SOURCE MATERIAL >>
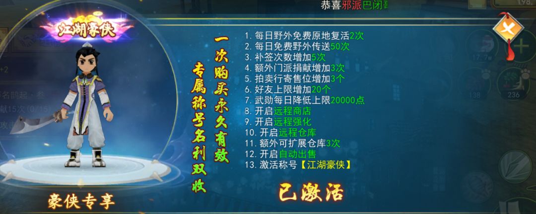 下面就给大家说一下这个新手入门的,怎么样才能玩的舒服,(此攻略只适合微氪或者氪金玩家)。大家进入游戏以后可以先熟悉熟悉游戏,然后就是一个新手288套餐!1、首先就是侠名,这个东西我在这里不多做介绍了,大家想了解可以在游戏内看一看,或者看一看下方图片。(68)
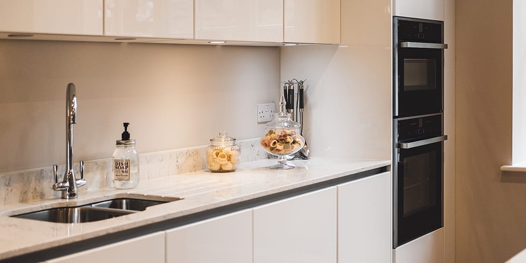 The kitchen is appointed with Neff stainless steel appliances and contemporary stone worktops, in addition, there are views from this space onto the beautiful surrounding landscaping.
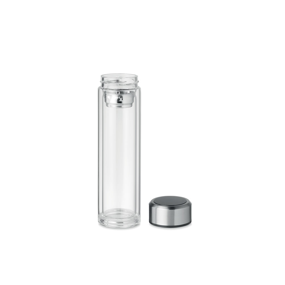 Doppelwandige Flasche aus Borosilikat-Glas. Mit Tee-Sieb. Im Deckel befindet sich eine integrierte Touchscreen LED Temperaturanzeige, die die Temperatur des Getränks anzeigt. Inkl. 1 austauschbare CR2032 - Batterie. Füllmenge: 390 ml. Auslaufsicher.
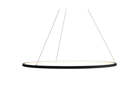 Gloria LED Pendel Ø80 Slim Black fra Antidark er en imponerende pendellampe, der kombinerer minimalistisk design med moderne elegance. Denne pendel er fremstillet i sort aluminium og har en integreret LED, der sikrer en jævn og behagelig belysning. Med en diameter på 80 cm og en ringhøjde på 1,5 cm, er denne lampe ideel til at skabe en stemningsfuld atmosfære i dit hjem. Lyset er placeret indvendigt i ringen, hvilket giver et blødt og indirekte lys, der kan justeres i lysstyrke for at passe til forskellige behov og stemninger. Gloria pendlen er perfekt til at hænge over spisebordet, i stuen eller som et dekorativt element i ethvert rum, hvor du ønsker at tilføje et strejf af luksus. Serien tilbyder også andre størrelser, så du kan kombinere dem for et unikt og iøjnefaldende udtryk. Oplev, hvordan denne pendel kan transformere dit rum med sin enkle, men betagende æstetik.
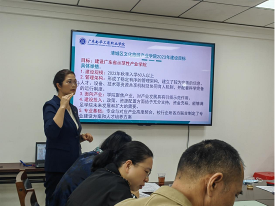 会上,谭金凤副院长首先2022年清城区文化旅游产业学院在人才培养、专业建设、服务区域经济、加深校企合作、产学研等方面取得的成果进行了汇报;其次对2023年产业学院的工作目标,具体举措进行了详细的阐述。谭金凤副院长的汇报得到了清城区文化广电旅游体育局郭桂星局长、陈倩华副局长,清远市旅游协会张秀莲秘书长的充分认可和赞同。
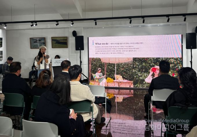 1부 행사에서는 컬러랩제주 김명은 대표가 강연자로 나서 마을의 자연과 일상에 담긴 색을 활용한 마을 정체성 스토리텔링 기법에 대해 특강을 진행했다.

YOUR TASK >> Print, exactly as written, the lines above from the first one to the one containing "The kitchen is". Leave out pictures.

RESPONSE TO THE EXERCISE >>
 下面就给大家说一下这个新手入门的,怎么样才能玩的舒服,(此攻略只适合微氪或者氪金玩家)。大家进入游戏以后可以先熟悉熟悉游戏,然后就是一个新手288套餐!1、首先就是侠名,这个东西我在这里不多做介绍了,大家想了解可以在游戏内看一看,或者看一看下方图片。(68)
 The kitchen is appointed with Neff stainless steel appliances and contemporary stone worktops, in addition, there are views from this space onto the beautiful surrounding landscaping.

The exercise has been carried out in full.